Full Description
"I cried when I heard Talila sing," says French director Jean-Claude Baumerder, "because I didn't know I had a Jewish soul." He uses Talila's voice to illuminate the place of Yiddish in Jewish culture today. The film includes interviews with Jewish writers, performance artists, even scientists who are reconnecting with their Yiddish roots. From France, where the oldest Yiddish texts were discovered in Alsace, the film travels to Tel Aviv and Jerusalem. We learn how each community developed its own dialect, "yiddishizing" the world around it. In Paris, Jews invented a new name for the metro station Barbès-Rochechouart, the central stop in a neighborhood of Jewish immigrants. They called it "Barbès-Rosh Hashana." The film explores how the dying language is felt by the next generation, discovering how it still permeates our speech and thought.
Filmmaker Bio(s)
My father speaks Yiddish. I don't. I wanted to unravel what I felt when I first heard the Yiddish singer Talila. She awoke something that was buried deep inside of me: a living culture, that of central Europe's Jews, and many questions.
Where is the Yiddish language today? What is its meaning? What will be its future? I cried when I heard Talila because I didn't know that in the deepest part of my being I have a Jewish soul. I wanted to understand the intensity of my own emotions and the mechanism behind the transmission of that emotion on a broader scale. I wanted to illuminate the contours of a heritage that has outlasted religion and other systems of belief.

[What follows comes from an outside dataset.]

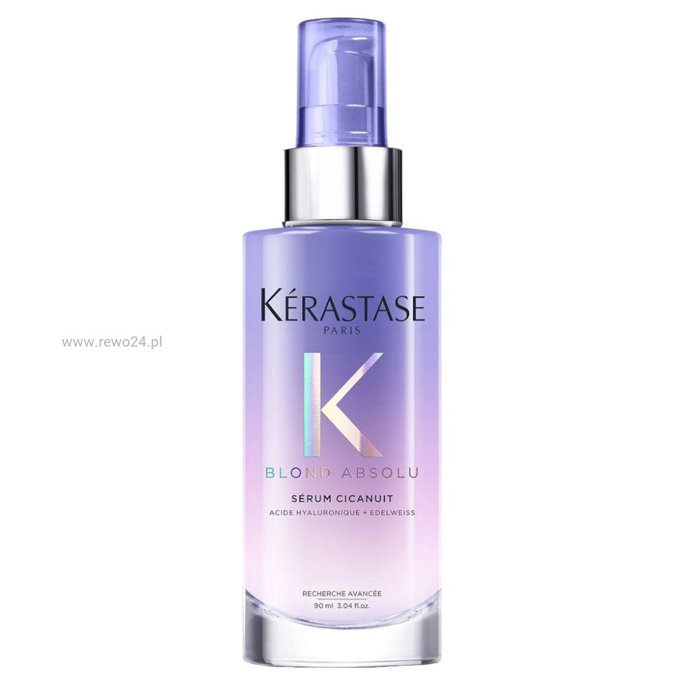 Kérastase Blond Absolu Sérum Cicanuit to nocne serum regenerujące do włosów blond i rozjaśnianych, stworzone z myślą o odbudowie włókien osłabionych koloryzacją i rozjaśnianiem. Lekka, nieobciążająca formuła działa podczas snu, intensywnie nawilża, wzmacnia i wygładza włosy, redukując uszkodzenia powierzchniowe oraz łamliwość. Serum pomaga chronić włosy przed tarciem o poduszkę, ogranicza puszenie i sprawia, że rano pasma są bardziej miękkie, gładkie i podatne na stylizację. Produkt nie wymaga spłukiwania i jest przeznaczony do regularnego stosowania na noc.

I went to meet the players in a renewal, those who are coming to terms with the importance of the Yiddish language. Artists, scientists, writers and simple survivors of the shoah who were to shed light on my quest. Some are optimistic, others nostalgic. All are passionate.
Yiddish is still here. Of course it has suffered a number of setbacks, but it is not dead. Even today, the preservation of this language can be considered an act of resistance against those who tried to eliminate it.